• _ACTIVITY_: Retype only the lines running from the beginning of the entries below to the line with "Wedding Contract Template", both included. Do not include pictures.

• _Stored records_:
━━━━━━━━━━━━━━━━━━━━
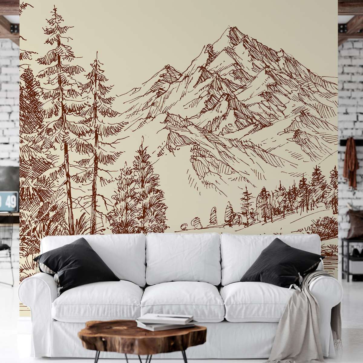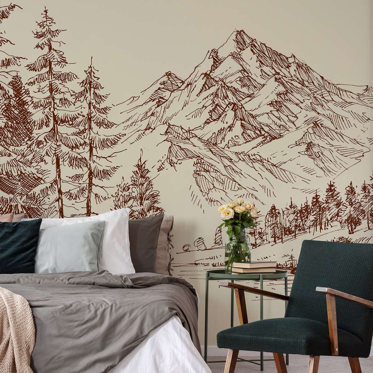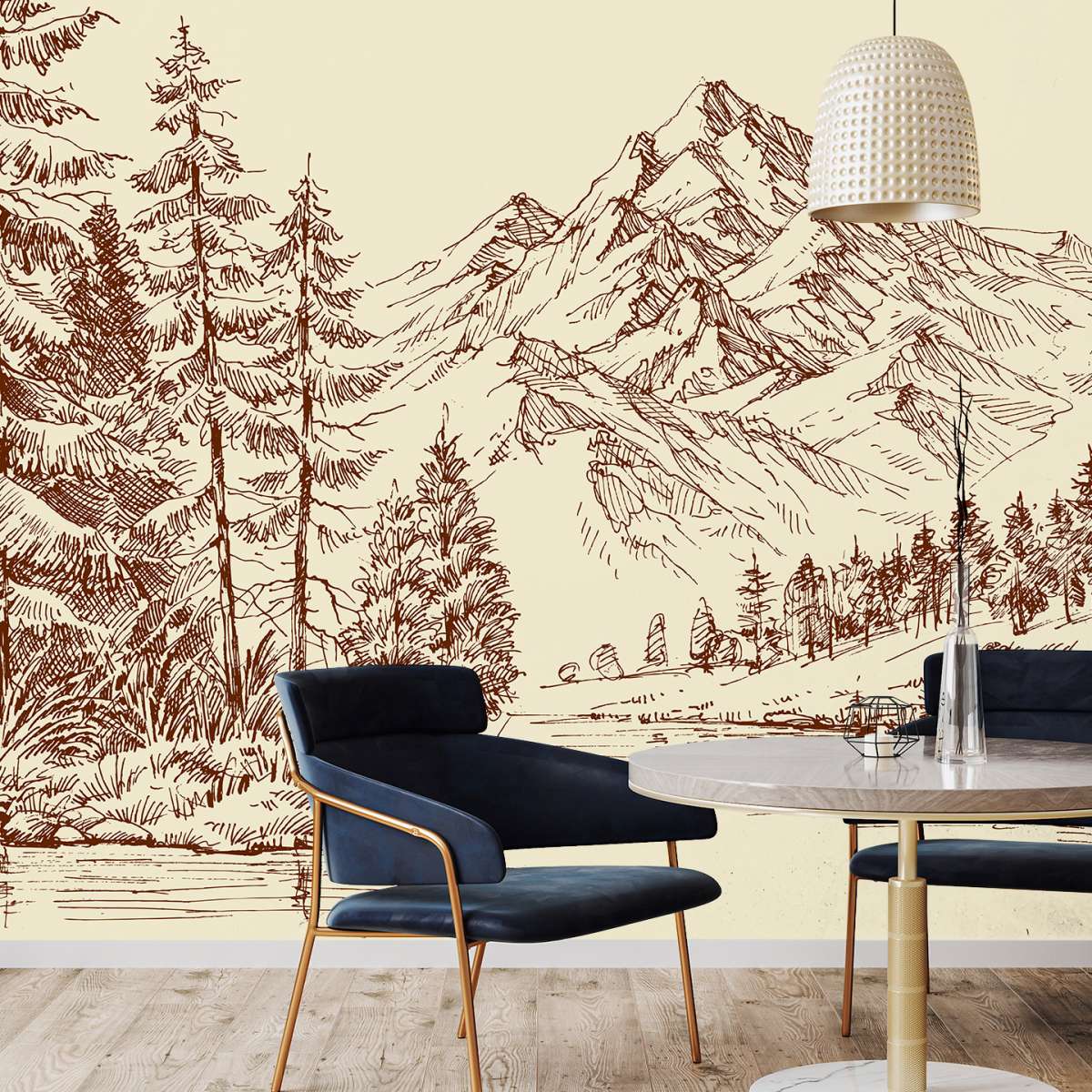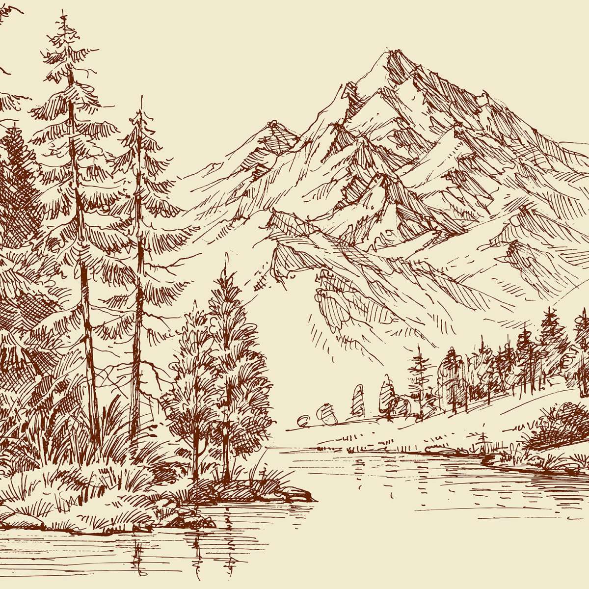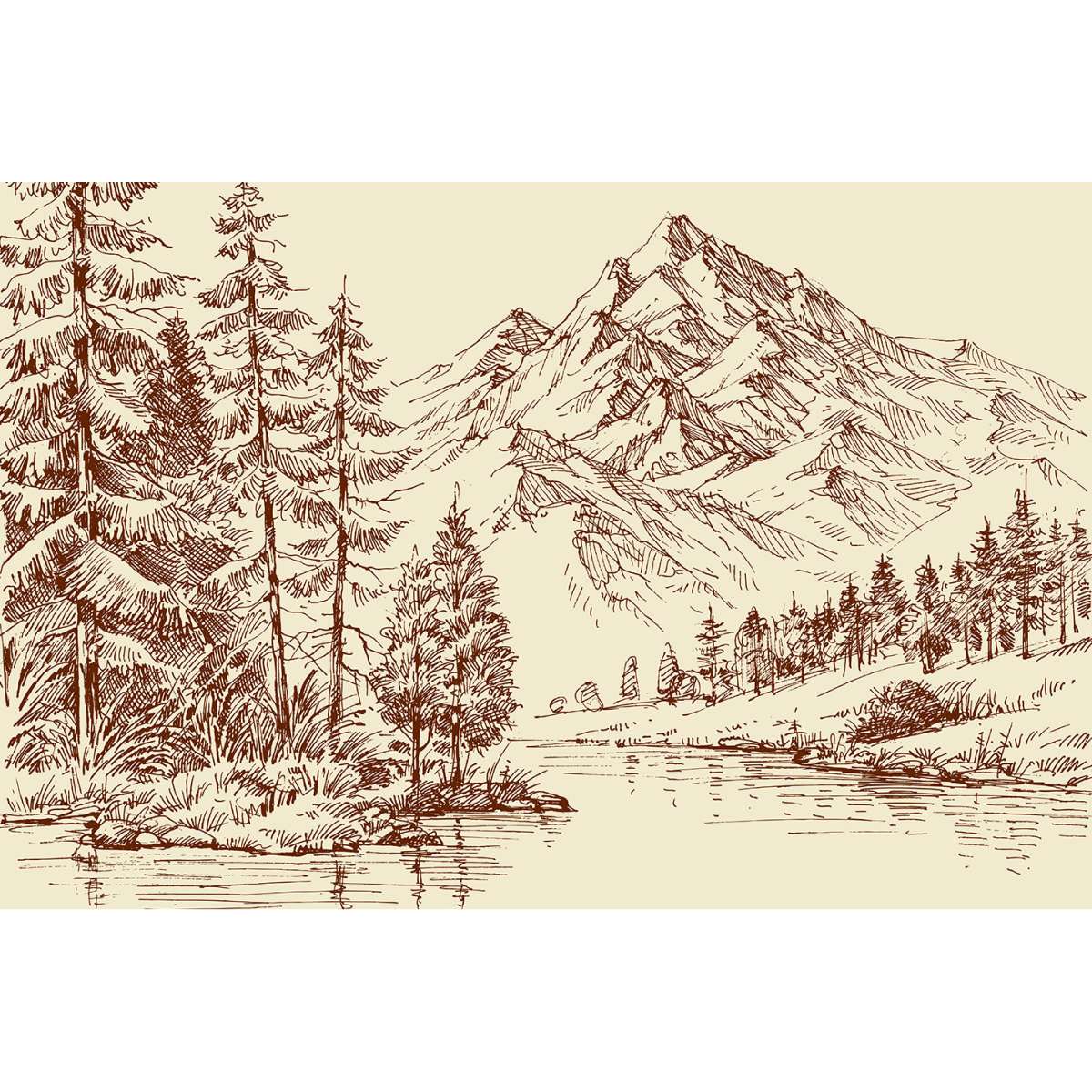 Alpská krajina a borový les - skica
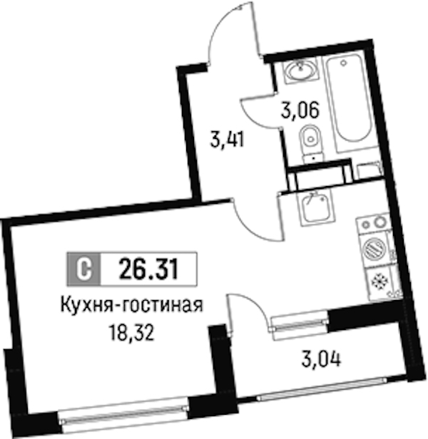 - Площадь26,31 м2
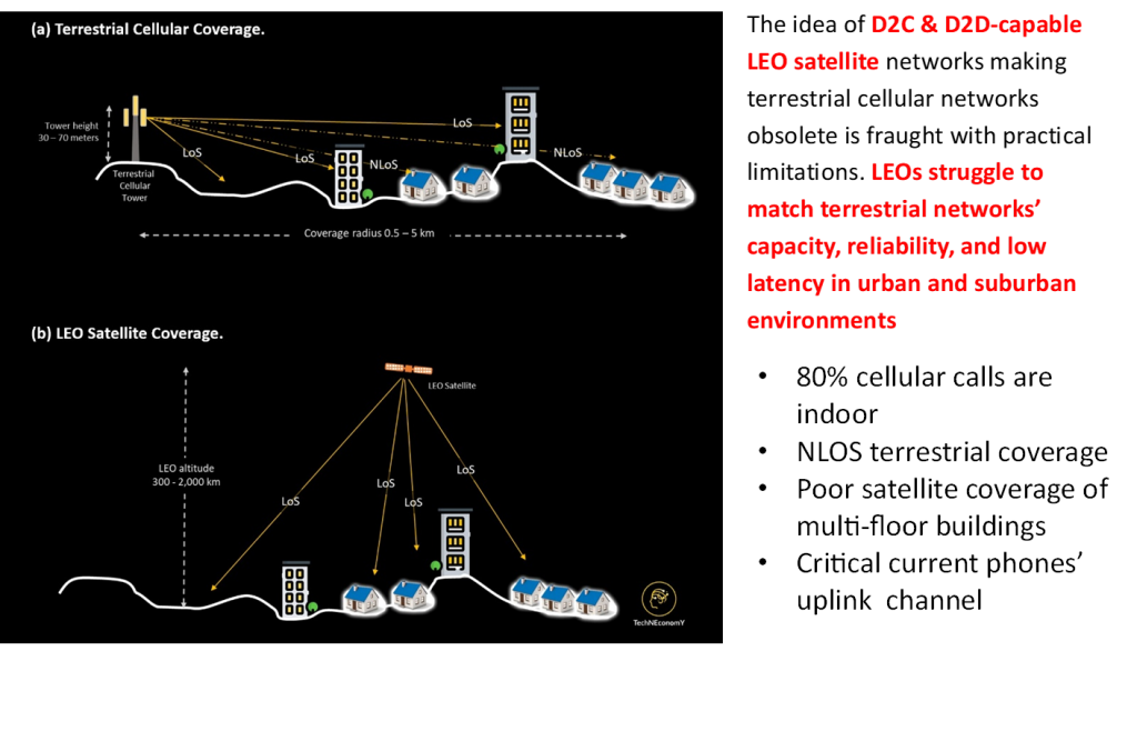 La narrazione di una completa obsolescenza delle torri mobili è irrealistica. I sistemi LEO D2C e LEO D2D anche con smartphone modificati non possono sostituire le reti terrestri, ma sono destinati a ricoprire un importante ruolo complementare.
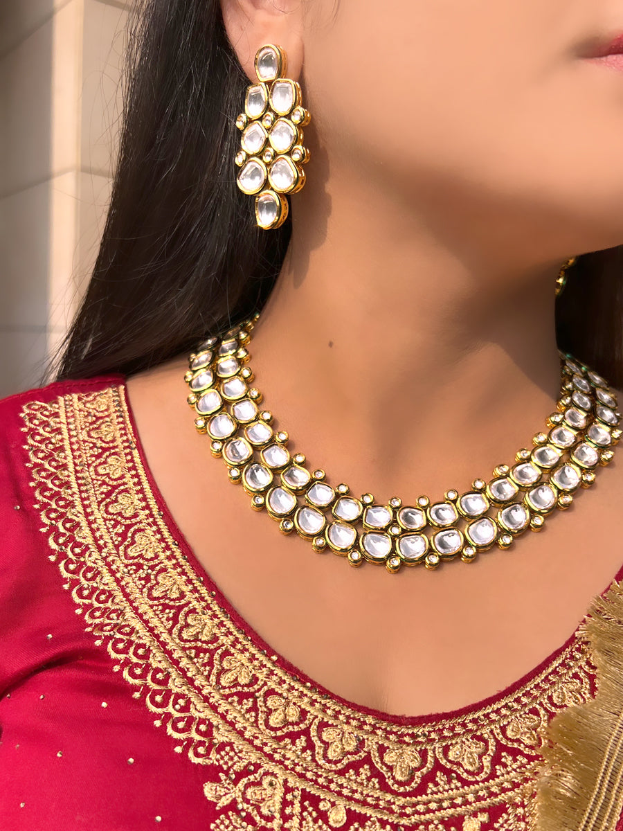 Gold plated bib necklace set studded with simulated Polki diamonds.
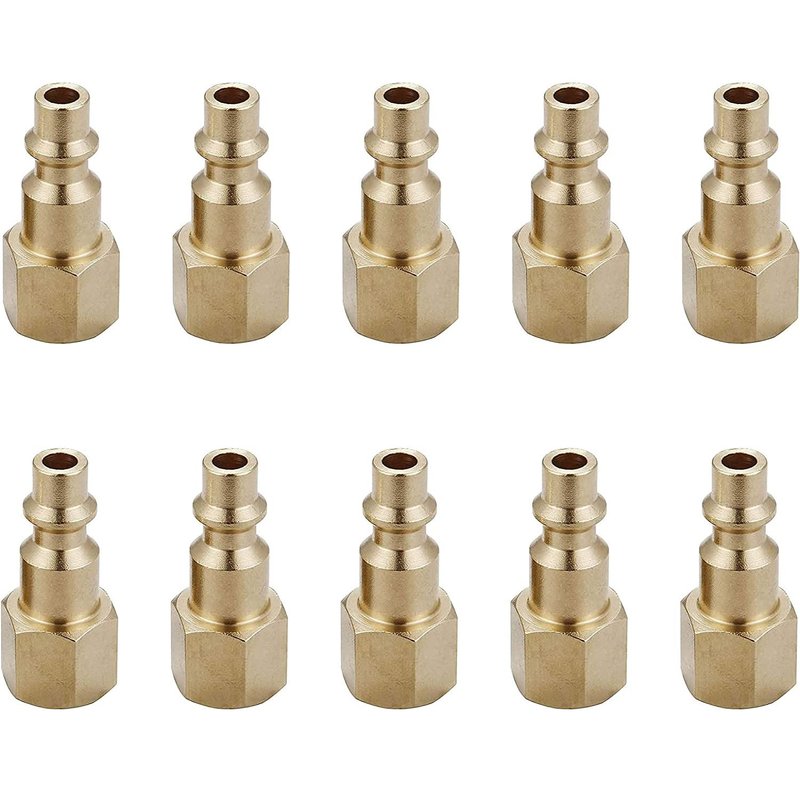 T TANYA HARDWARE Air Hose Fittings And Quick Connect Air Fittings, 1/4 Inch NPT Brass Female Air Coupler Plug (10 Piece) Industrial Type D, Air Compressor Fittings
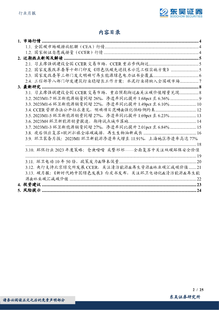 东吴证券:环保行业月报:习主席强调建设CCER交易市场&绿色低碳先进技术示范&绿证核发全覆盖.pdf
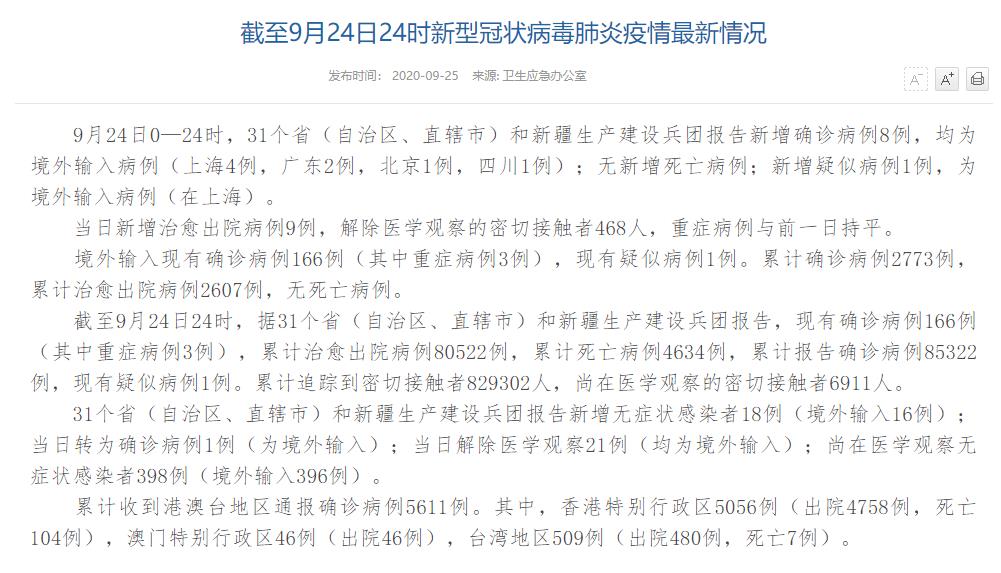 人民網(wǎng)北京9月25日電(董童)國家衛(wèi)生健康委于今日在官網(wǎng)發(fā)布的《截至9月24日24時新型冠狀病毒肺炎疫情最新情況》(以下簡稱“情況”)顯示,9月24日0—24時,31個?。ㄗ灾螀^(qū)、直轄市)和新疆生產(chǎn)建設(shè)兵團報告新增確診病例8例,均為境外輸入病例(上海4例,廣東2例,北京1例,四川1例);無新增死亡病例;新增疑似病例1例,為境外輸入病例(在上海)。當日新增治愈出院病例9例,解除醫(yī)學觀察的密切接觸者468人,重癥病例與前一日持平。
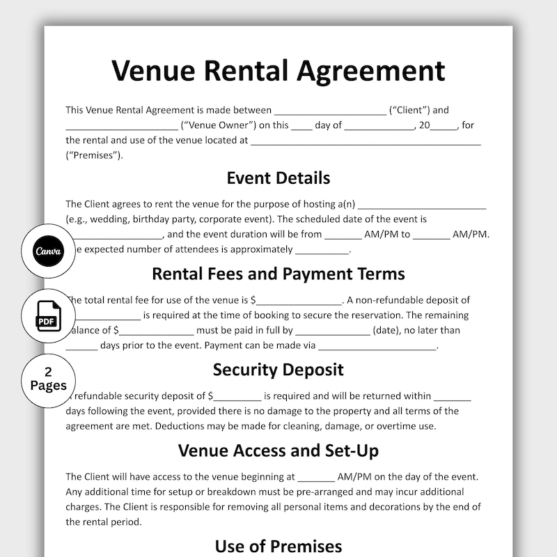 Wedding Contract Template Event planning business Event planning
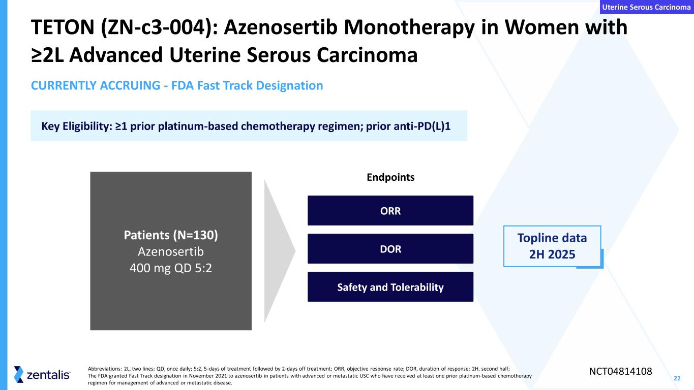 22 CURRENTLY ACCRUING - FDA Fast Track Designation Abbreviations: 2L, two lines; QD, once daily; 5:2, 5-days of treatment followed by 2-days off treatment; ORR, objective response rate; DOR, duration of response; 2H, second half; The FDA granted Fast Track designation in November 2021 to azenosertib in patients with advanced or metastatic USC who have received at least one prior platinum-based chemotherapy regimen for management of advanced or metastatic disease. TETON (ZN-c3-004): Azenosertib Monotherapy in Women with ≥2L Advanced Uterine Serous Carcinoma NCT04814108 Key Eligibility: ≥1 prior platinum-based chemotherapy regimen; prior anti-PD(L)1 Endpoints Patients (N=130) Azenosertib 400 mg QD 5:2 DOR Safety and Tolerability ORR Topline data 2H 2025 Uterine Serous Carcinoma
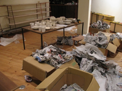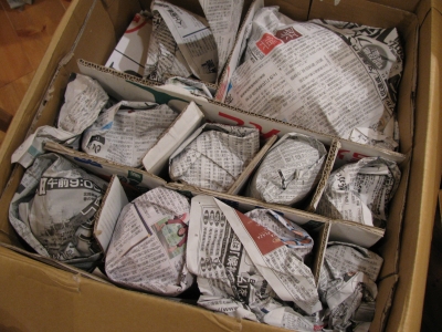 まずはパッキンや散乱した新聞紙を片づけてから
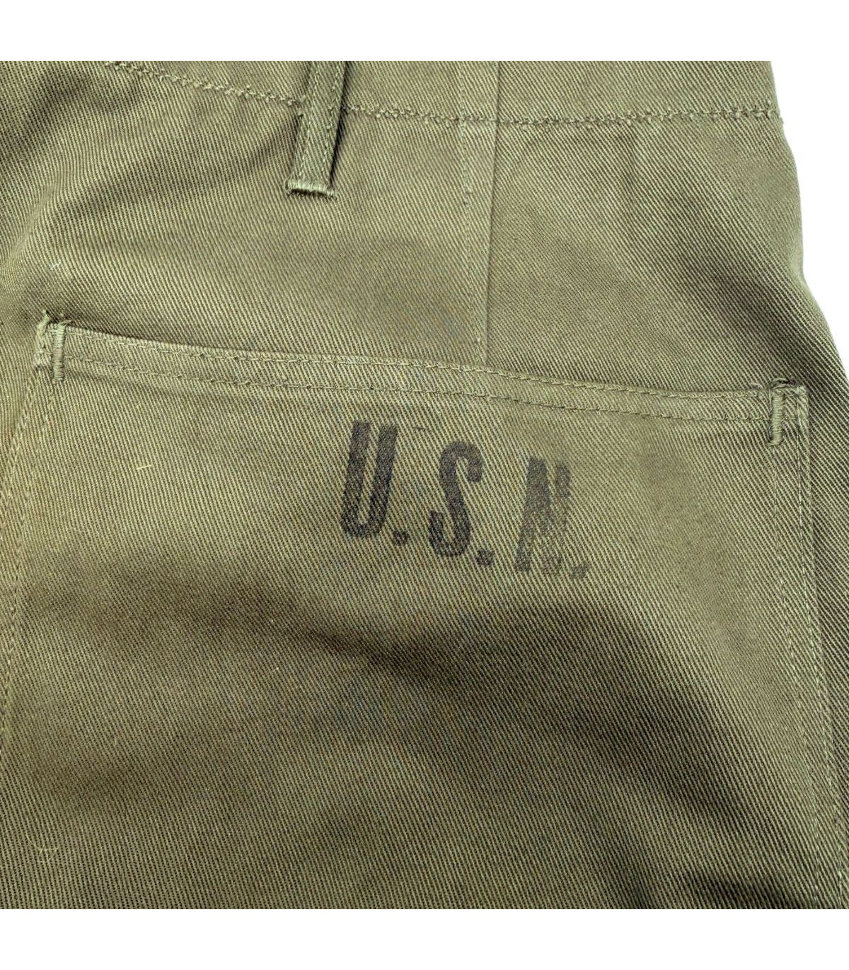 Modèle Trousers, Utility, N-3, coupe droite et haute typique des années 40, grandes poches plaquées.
━━━━━━━━━━━━━━━━━━━━
• _SOLUTION TO THIS EXERCISE_:
 Alpská krajina a borový les - skica
 - Площадь26,31 м2
 La narrazione di una completa obsolescenza delle torri mobili è irrealistica. I sistemi LEO D2C e LEO D2D anche con smartphone modificati non possono sostituire le reti terrestri, ma sono destinati a ricoprire un importante ruolo complementare.
 Gold plated bib necklace set studded with simulated Polki diamonds.
 T TANYA HARDWARE Air Hose Fittings And Quick Connect Air Fittings, 1/4 Inch NPT Brass Female Air Coupler Plug (10 Piece) Industrial Type D, Air Compressor Fittings
 东吴证券:环保行业月报:习主席强调建设CCER交易市场&绿色低碳先进技术示范&绿证核发全覆盖.pdf
 人民網(wǎng)北京9月25日電(董童)國家衛(wèi)生健康委于今日在官網(wǎng)發(fā)布的《截至9月24日24時新型冠狀病毒肺炎疫情最新情況》(以下簡稱“情況”)顯示,9月24日0—24時,31個?。ㄗ灾螀^(qū)、直轄市)和新疆生產(chǎn)建設(shè)兵團報告新增確診病例8例,均為境外輸入病例(上海4例,廣東2例,北京1例,四川1例);無新增死亡病例;新增疑似病例1例,為境外輸入病例(在上海)。當日新增治愈出院病例9例,解除醫(yī)學觀察的密切接觸者468人,重癥病例與前一日持平。
 Wedding Contract Template Event planning business Event planning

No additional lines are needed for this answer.